This is Part 4 of a four-part series on managing fuel costs as part of the Fuel Cost Volatility Survival Guide. (Read Part 1, Part 2, Part 3, and Part 4 or download the entire guide.)
Download the Fuel Cost Volatility Survival Guide
→ Ninety-eight percent of construction equipment runs on diesel.
→ The price of diesel has increased 74 percent over the past 12 months and shows no signs of dropping.
→ Fuel accounts for more than 40 percent of machine operating costs – more than repair, parts, and labor.
Yet for most contractors, managing fuel is an afterthought. But with prices for construction materials and services increasing nearly 21 percent over last year, taking a hard look at costs – including fuel – is a matter of survival.
The good news is there are steps contractors can take to manage fuel costs. This guide outlines the current situation, looks at what’s driving fuel volatility (it might not be what you think), offers real-world ideas to help you manage today’s challenges, and gives you tools to maximize efficiency and profitability for years to come.

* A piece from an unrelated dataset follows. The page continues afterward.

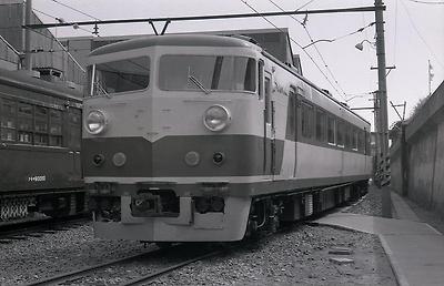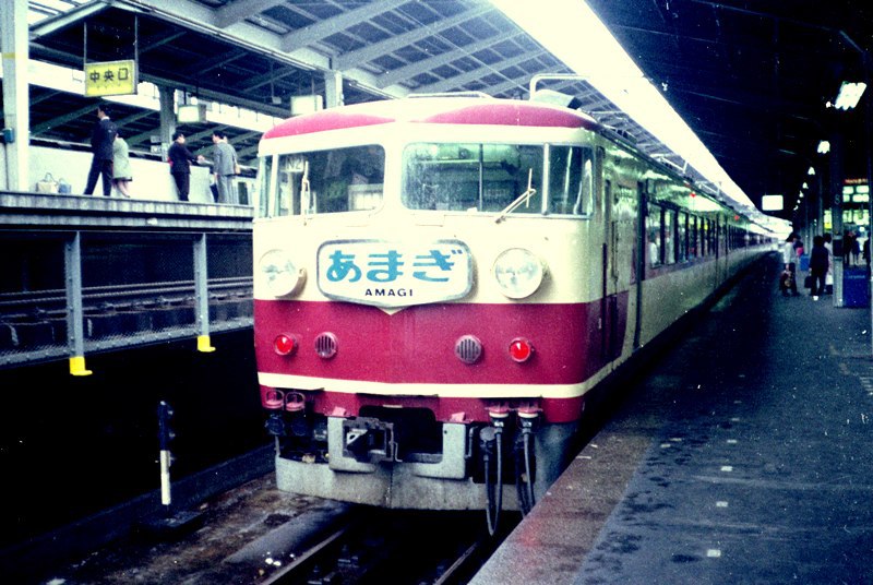 - 특급 "아마기"로 운용되던 시기의 157계. 이런 특징적인 마스크는 185계 전동차가 고스란히 이어받았다고 할 수 있다.

Of all the costs construction companies incur, fuel is probably the largest and worst managed, says construction company advisor Mike Vorster. “Looking at the total cost of owning and operating a fleet of construction equipment, I have seen many companies where fuel is one-third of the total equipment cost,” he estimates. “Those companies have a chief financial officer who manages the buy/sell/lease decisions and an equipment manager who tracks repair and maintenance costs. But who is looking after fuel?”
“Take a person that costs $30 per hour – you know exactly what they are doing,” he says. “But when I ask for the fuel consumption of a machine with a fuel cost of $30 an hour, people have no idea. It is a very big, very badly managed, and very volatile cost component.” If labor costs had gone up as much as fuel, “we would be hysterical,” he says. “But fuel goes up and we say it’s unavoidable and do little to sharpen our pencils and see where we can achieve some savings.”

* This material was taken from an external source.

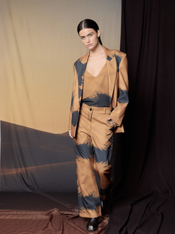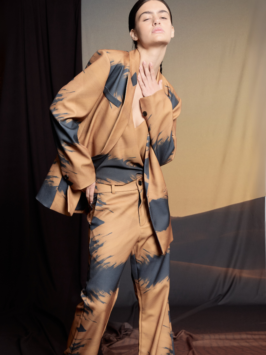 Oversized blazer Single-button front closure Long sleeves Front pockets Inner lining Original print

Vorster’s solution to getting a handle on fuel costs? Appoint a fluids czar, someone who manages all machine fluids – fuel, but also oil, diesel exhaust fluid, coolant, and air – the same way the personnel department watches payroll or the shop superintendent looks after repairs.
“If labor costs had gone up as much as fuel, ‘we would be hysterical. But fuel goes up and we say it’s unavoidable and do little to sharpen our pencils.”
- Mike Vorster, Construction Consultant
The ideal fluids czar would be less mechanic than chemist, Vorster says, with a passion for cleanliness and watching the bottom line. The job entails buying, storage, distribution, and recordkeeping for all fluids, but given the rising price of diesel, fuel is where companies would really see the benefits of having such a role, Vorster says.
With diesel significantly higher than just a few months ago, contractors must realize they are dealing with a very expensive commodity that they can no longer leave unmanaged, he says. “They need to cut waste to the absolute minimum.”
Cleanliness and dryness are critical. “Most engine failures start in the tank,” he says. “Dirty fuel and wet fuel are the biggest causes of engine failure.” There are lots of opportunities for fuel to become contaminated. Many contractors have stationary fuel tanks on the job site but have no way of knowing how clean the fuel or the tank is. “When you’re transferring fuel from a bulk tank to a fuel truck and then to a machine, dirt gets in,” Vorster says.
The bottom line is contractors must understand that fuel has become a very high-risk component of their fleet costs, Vorster says. Because fuel used to be cheap, “everyone’s always taken it as a given. But it’s reached a tipping point where we can no longer just shrug it off as a necessary evil but where we must now do something about it.”